But automated generation does not eliminate the need for production review.

What About Commercial Usage Rights?

There is another consideration before an AI-generated packaging design reaches production: usage rights.

The commercial-use terms depend on the AI platform, model, subscription, and feature used.

For example, Adobe states that outputs from eligible Firefly features can be used in commercial projects, while users remain responsible for complying with applicable rights and restrictions. Adobe also distinguishes Firefly outputs from outputs produced using partner models.

Therefore, brands should always check the current terms of the specific AI tool used rather than assuming that every AI-generated image has identical commercial rights.

How Langoor Designs Can Help

Langoor Designs focuses on production-ready design and presents its approach around the idea of “Production-Ready Design That Actually Works.”

The company’s website showcases work across packaging categories and highlights three key areas: Production Perfection, Utility, and Strategic Brand Design.
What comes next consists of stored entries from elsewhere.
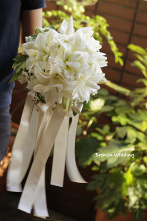 シンプルに百合だけを使ったブーケですが充分華やかさがあります
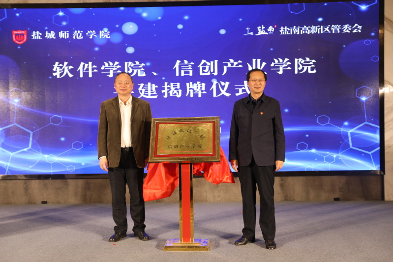 签约仪式上,戴斌荣、方忠分别和高尚德为盐城师范学院软件学院、信创产业学院揭牌,崔刚和区党工委委员、管委会副主任张敬东,中软国际华东区总经理袁建龙和区开投公司副总经理李天松分别代表双方签约。
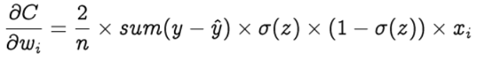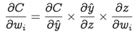 Step 2: In order to find the best weights and bias for our Perceptron, we need to know how the cost function changes in relation to weights and bias. This is done with the help of the gradients (rate of change) — how one quantity changes in relation to another quantity. In our case, we need to find the gradient of the cost function with respect to the weights and bias. Let’s calculate the gradient of cost function C with respect to the weight wᵢ using partial derivation. Since the cost function is not directly related to the weight wᵢ, let’s use the chain rule.
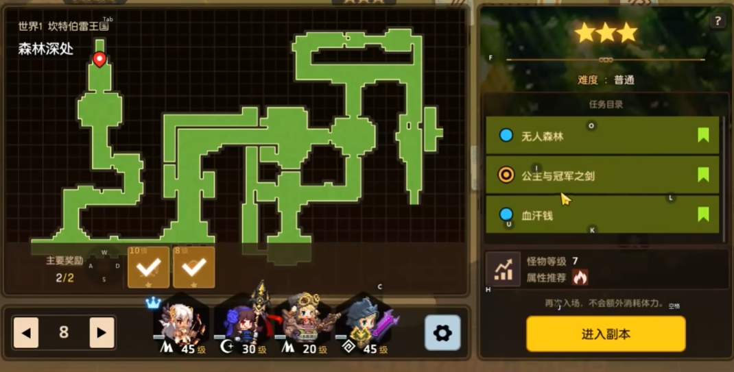 1-7冠军之剑关卡存在两种解法:跟随白色手帕标记或输入密码上上下下左右左右开启地图。隐藏支线懒惰的妖精需在世界2、3、5各找到一本书,最终奖励角色和魔卡。祭坛交互需完成对应任务链,例如森林边境任务要求20秒内通过障碍通道,古代遗迹入口任务需与铁匠NPC对话获取钥匙。
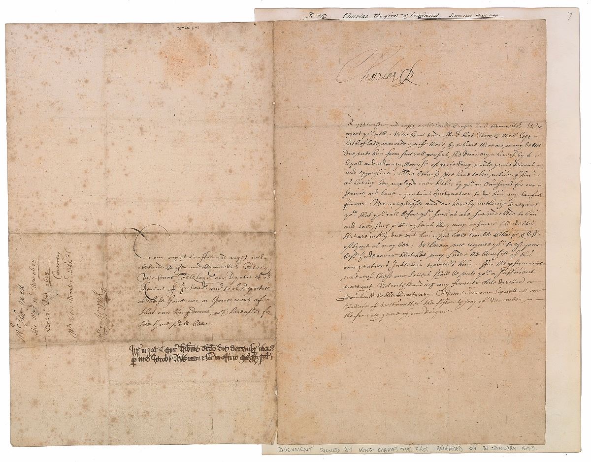 King of England, Scotland, and Ireland (born 1600) from 1625 until his execution in the wake of the English Civil War in 1649. LS signed “Charles R,” one page, 7.5 x 11.5, November 15, 1628. Letter to Lord Viscount Falkland. In part: “We have understood that Thomas Mall, esquire, hath of late married a wide there, by whom there are many debts due unto him from several persons, the recovery whereof, by a legal and ordinary course of proceeding, would prove tedious and expensive…We are pleased, and do hereby authorize and require that you call before you such as are so indebted to him, and take such as course as they may answer the debts that are justly due unto him, with as little possible trouble, charge, and loss of time as may be.” Retains the address panel on the second adjoining sheet. Affixed to a slightly larger scrapbook page. In very good condition, with intersecting folds and overall foxing and soiling. The full text of this document can be found in the 1863 book Calendar of the Patent and Close Rolls of Chancery in Ireland, of the Reign of Charles the First. An uncommon document from early in Charles’s reign.
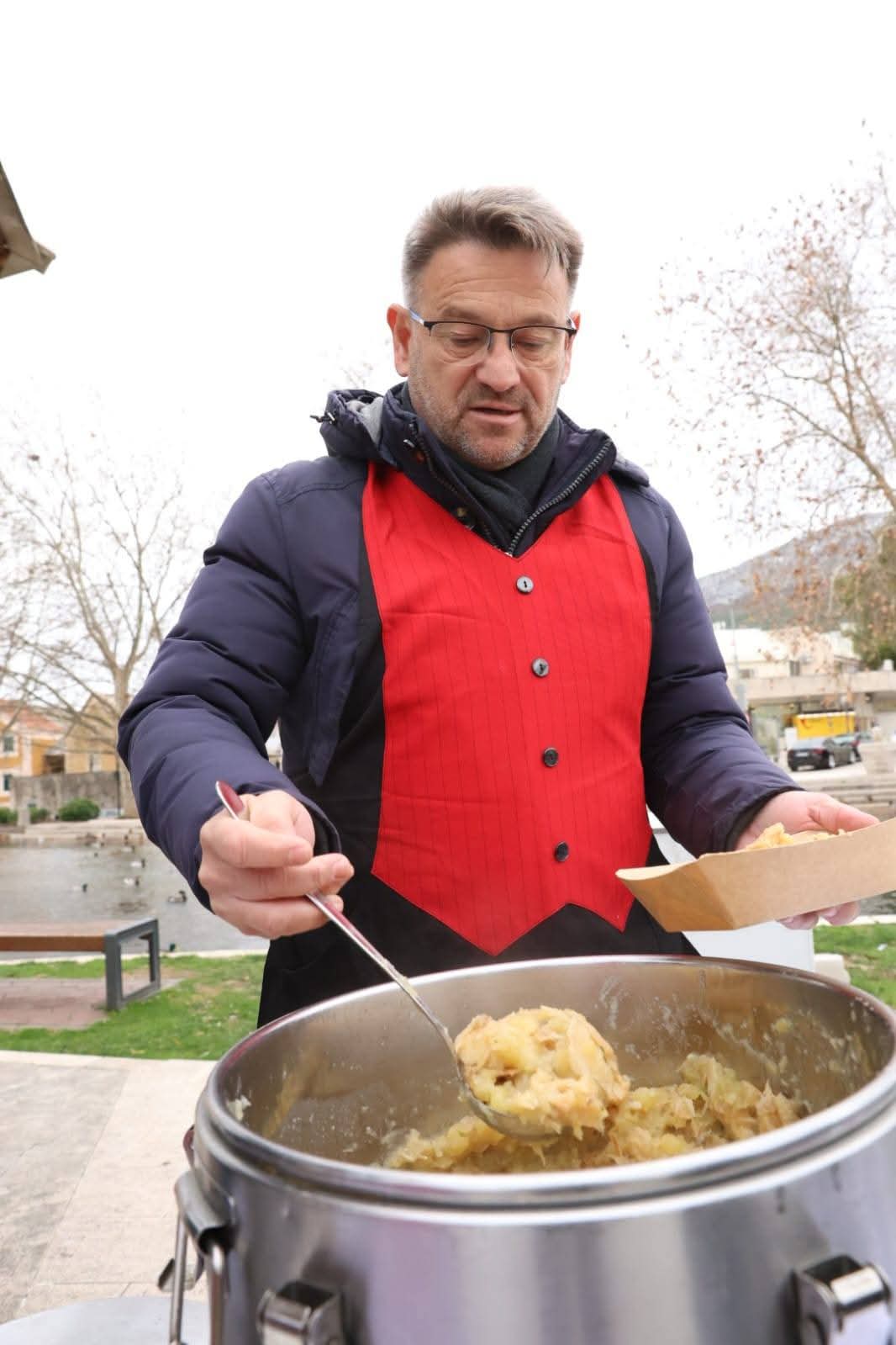 Ni jaka bura, ni hladnoća nisu obeshrabrili sugrađane Solina da uživaju u blagdanskoj atmosferi Badnjeg dana. Gradonačelnik Dalibor Ninčević osobno je dijelio bakalar, fritule i čašicu vina svim okupljenima, čime je dodatno uljepšao dan građanima svog grada.
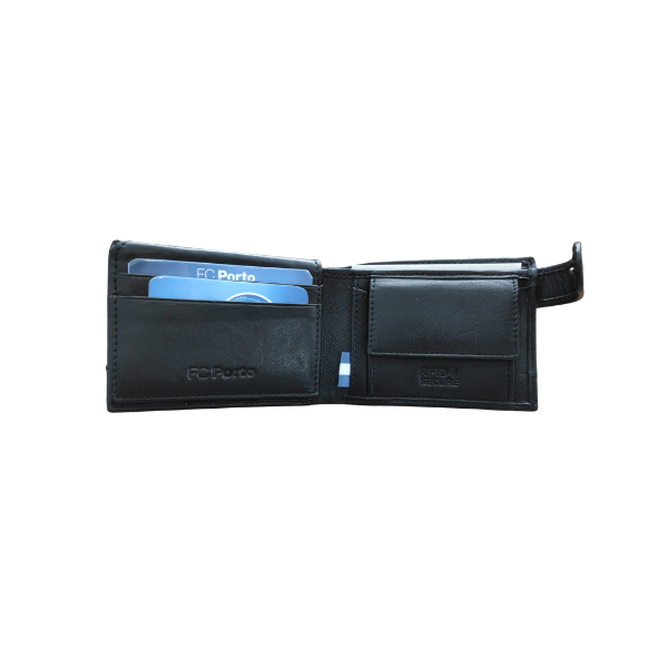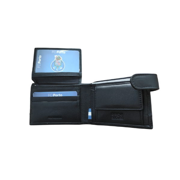 Ranhuras para cartões e uma aba com janela para documentos com foto.
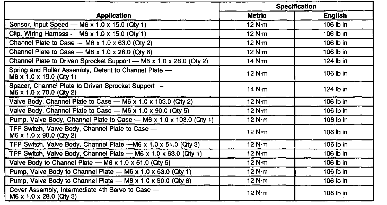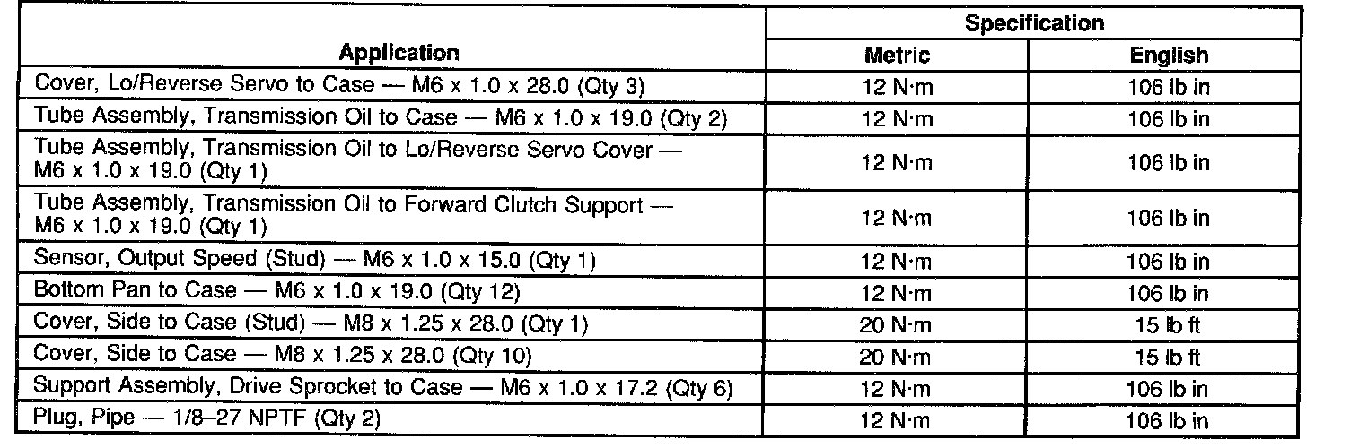 Fastener Tightening Specifications

Its website also showcases 13+ years, 50+ markets, 500+ projects, and 100+ production-ready projects.

For brands using AI to generate packaging concepts, this production-focused approach can help bridge the gap between an initial AI visual and artwork prepared for real-world manufacturing.

The process can involve refining AI-generated imagery, recreating important elements, adapting designs across SKUs, preparing packaging artwork, and performing production-focused checks before final delivery.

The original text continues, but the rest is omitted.